#### WHAT THE TASK REQUIRES:
Exact duplicates of the lines from the top of the data through the line containing "Cumhurbaşkanı Recep Tayyip" are needed, with every picture left out.

++++ INPUT DATA

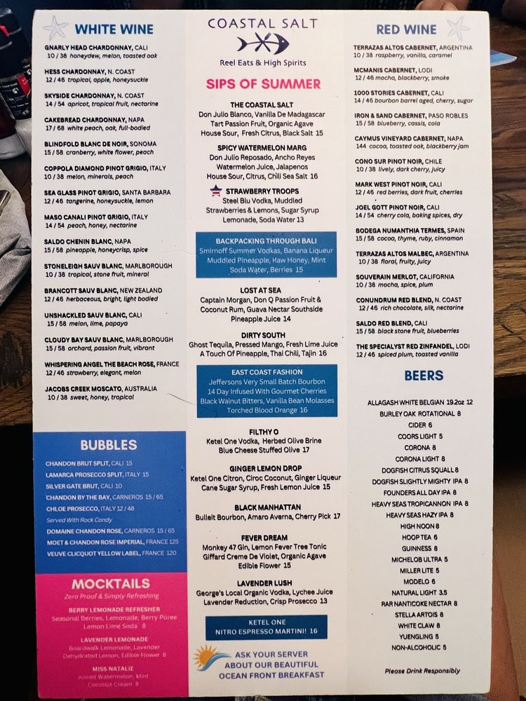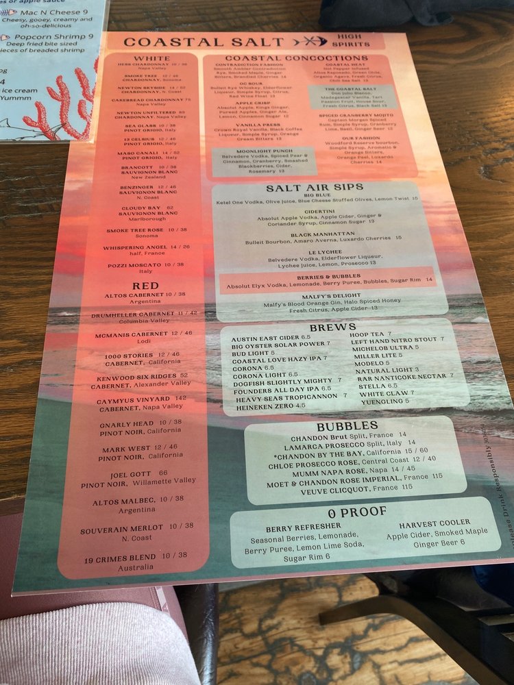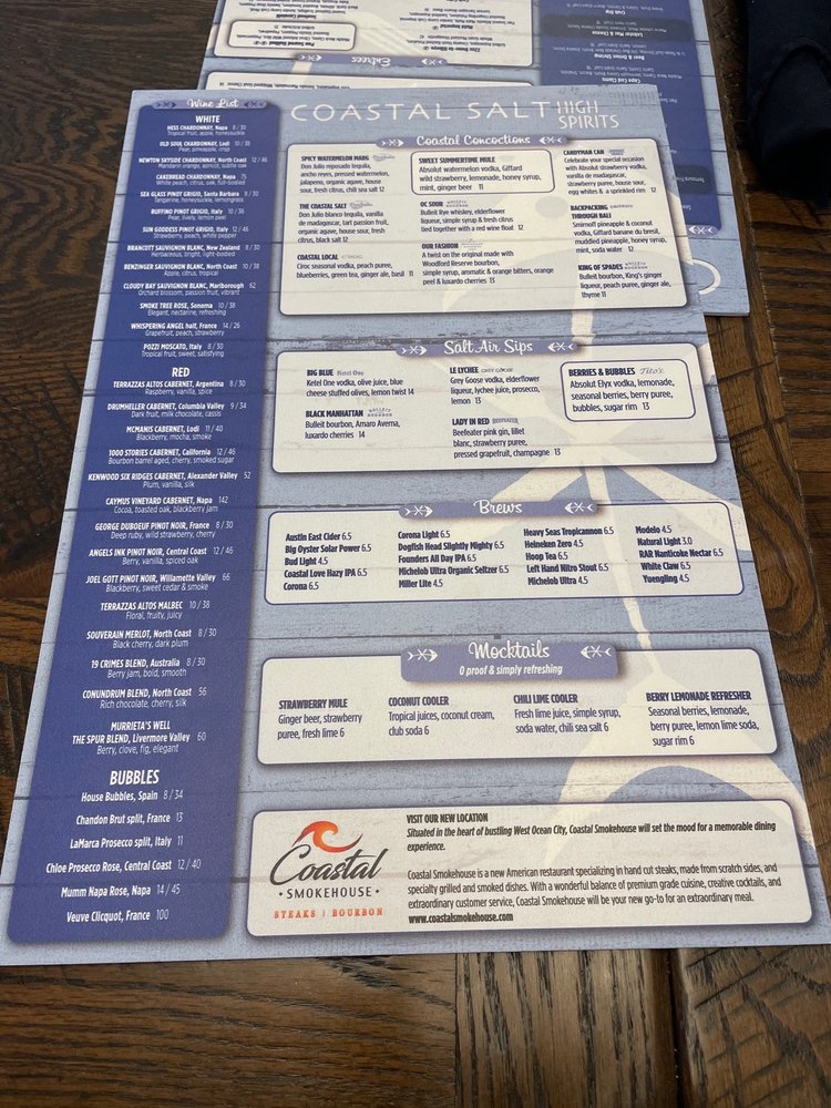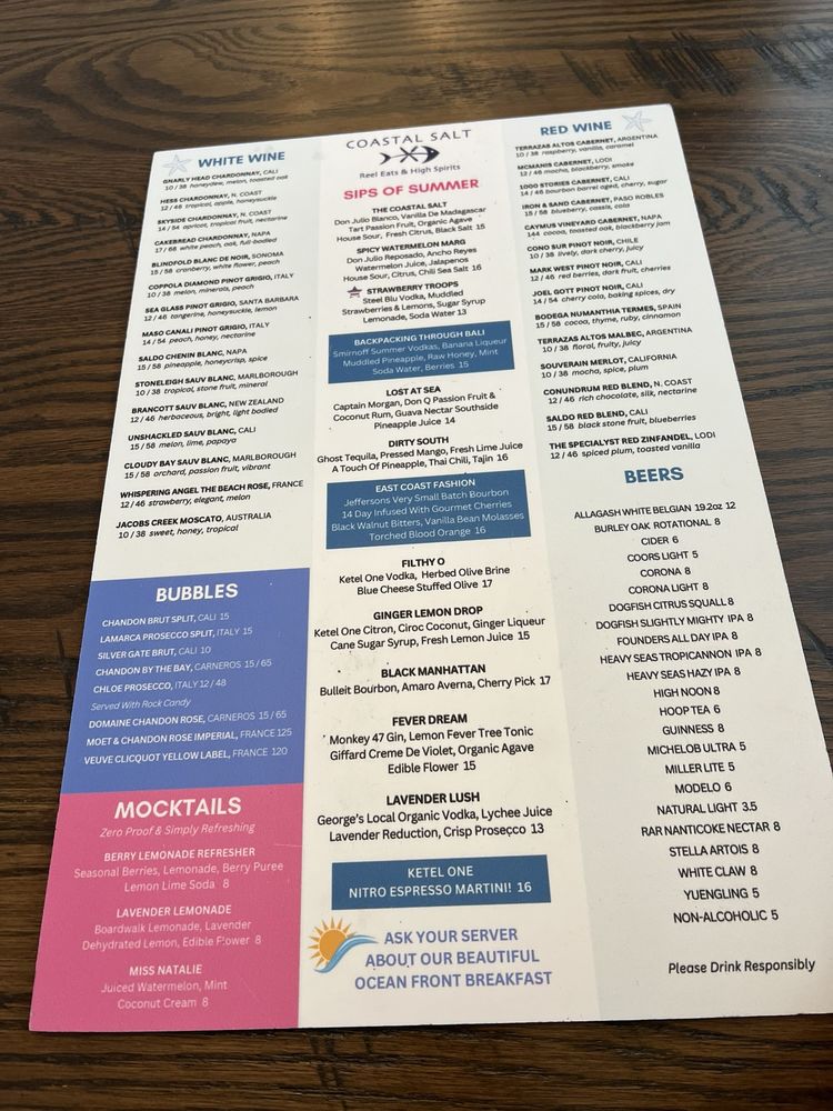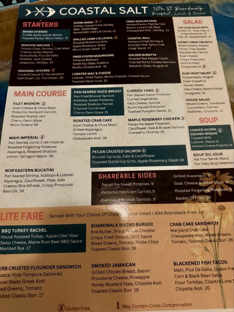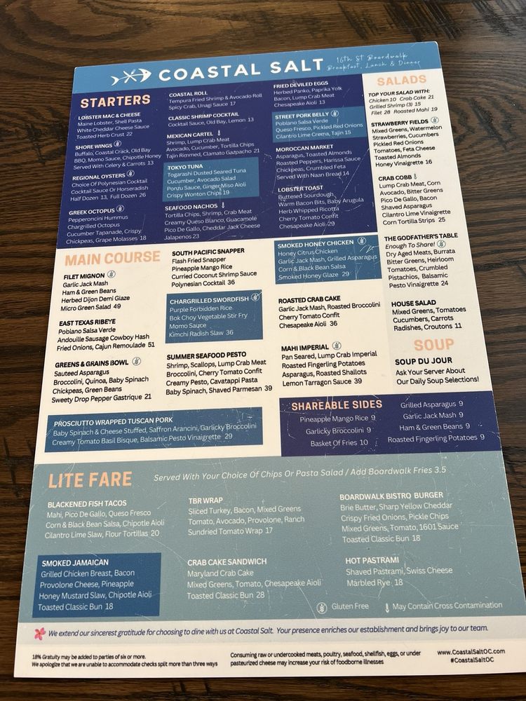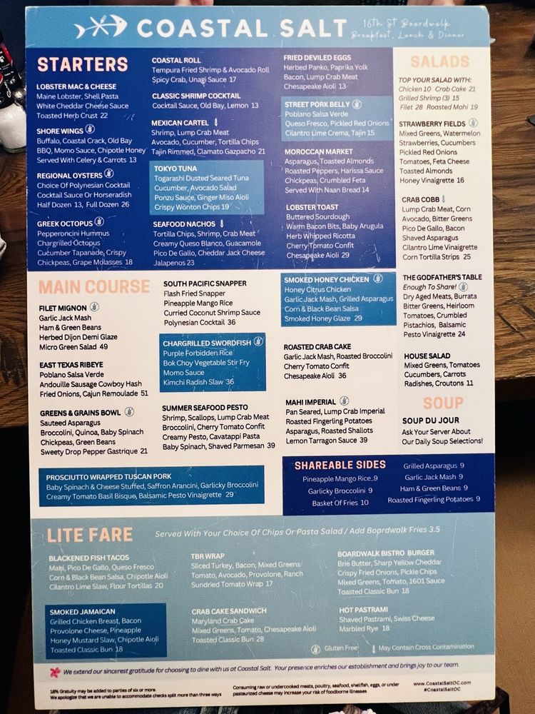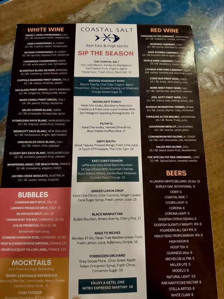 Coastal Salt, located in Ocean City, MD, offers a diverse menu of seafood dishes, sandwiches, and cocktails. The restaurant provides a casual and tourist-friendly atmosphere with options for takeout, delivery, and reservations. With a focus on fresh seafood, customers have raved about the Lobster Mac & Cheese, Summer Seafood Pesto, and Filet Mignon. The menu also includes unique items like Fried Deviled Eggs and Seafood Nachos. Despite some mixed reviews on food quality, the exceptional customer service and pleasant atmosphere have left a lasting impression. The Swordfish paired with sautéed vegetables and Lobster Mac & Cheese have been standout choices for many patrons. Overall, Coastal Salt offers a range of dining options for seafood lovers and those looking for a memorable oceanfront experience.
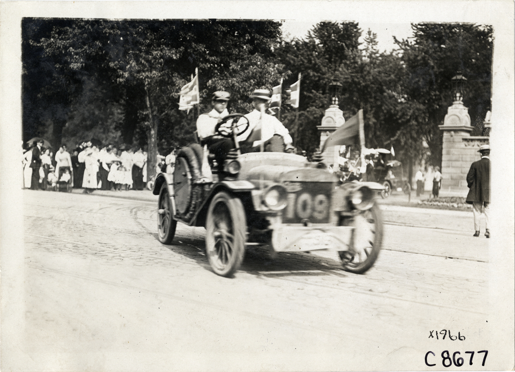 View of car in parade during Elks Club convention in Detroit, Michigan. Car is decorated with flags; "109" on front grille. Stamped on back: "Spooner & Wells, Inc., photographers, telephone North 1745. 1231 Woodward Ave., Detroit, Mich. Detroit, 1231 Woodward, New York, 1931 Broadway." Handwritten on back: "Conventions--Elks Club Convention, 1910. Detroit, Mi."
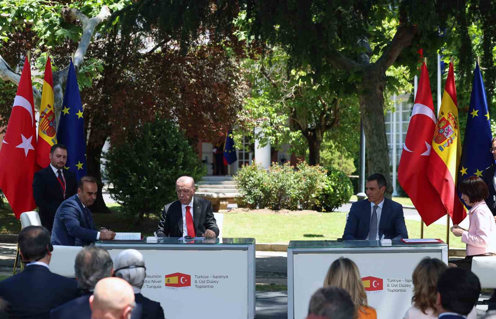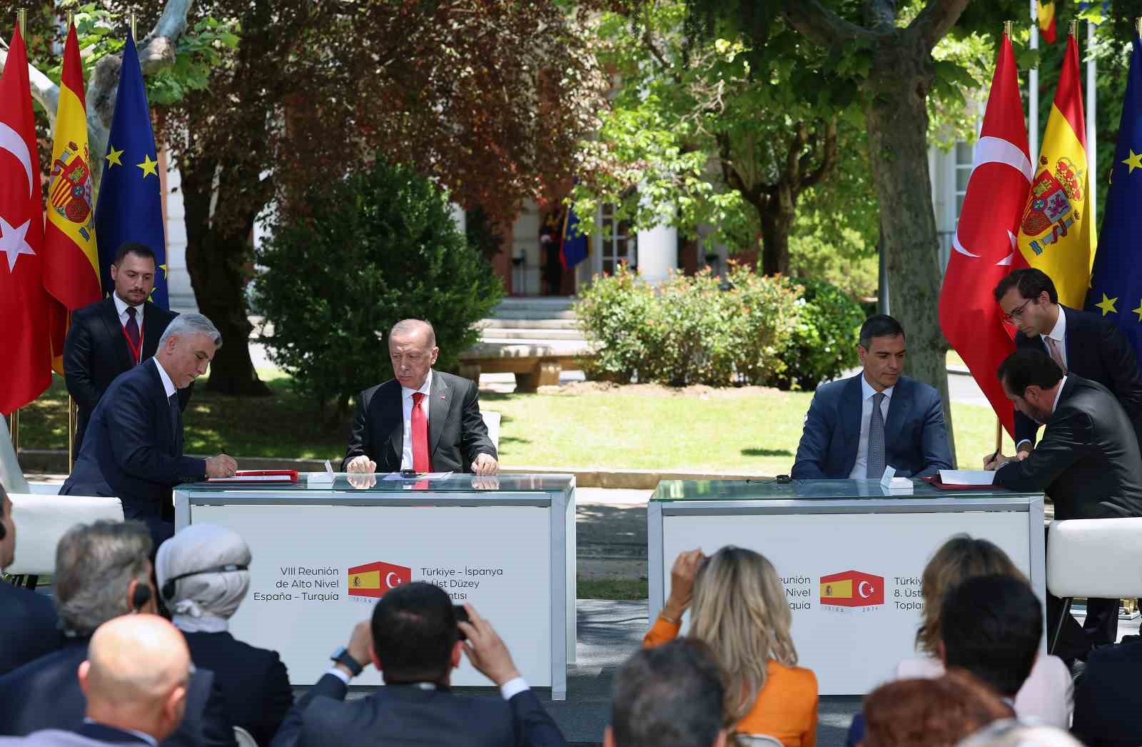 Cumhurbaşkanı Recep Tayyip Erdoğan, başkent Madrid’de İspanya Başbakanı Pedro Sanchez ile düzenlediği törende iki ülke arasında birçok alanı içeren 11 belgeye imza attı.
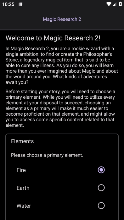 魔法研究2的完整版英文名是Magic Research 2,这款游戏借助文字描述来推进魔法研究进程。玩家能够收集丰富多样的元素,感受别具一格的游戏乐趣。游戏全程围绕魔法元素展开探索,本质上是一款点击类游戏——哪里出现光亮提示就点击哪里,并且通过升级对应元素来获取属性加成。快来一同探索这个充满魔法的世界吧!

++++++++

#### SOLUTION TO THIS TASK:
 Coastal Salt, located in Ocean City, MD, offers a diverse menu of seafood dishes, sandwiches, and cocktails. The restaurant provides a casual and tourist-friendly atmosphere with options for takeout, delivery, and reservations. With a focus on fresh seafood, customers have raved about the Lobster Mac & Cheese, Summer Seafood Pesto, and Filet Mignon. The menu also includes unique items like Fried Deviled Eggs and Seafood Nachos. Despite some mixed reviews on food quality, the exceptional customer service and pleasant atmosphere have left a lasting impression. The Swordfish paired with sautéed vegetables and Lobster Mac & Cheese have been standout choices for many patrons. Overall, Coastal Salt offers a range of dining options for seafood lovers and those looking for a memorable oceanfront experience.
 View of car in parade during Elks Club convention in Detroit, Michigan. Car is decorated with flags; "109" on front grille. Stamped on back: "Spooner & Wells, Inc., photographers, telephone North 1745. 1231 Woodward Ave., Detroit, Mich. Detroit, 1231 Woodward, New York, 1931 Broadway." Handwritten on back: "Conventions--Elks Club Convention, 1910. Detroit, Mi."
 Cumhurbaşkanı Recep Tayyip Erdoğan, başkent Madrid’de İspanya Başbakanı Pedro Sanchez ile düzenlediği törende iki ülke arasında birçok alanı içeren 11 belgeye imza attı.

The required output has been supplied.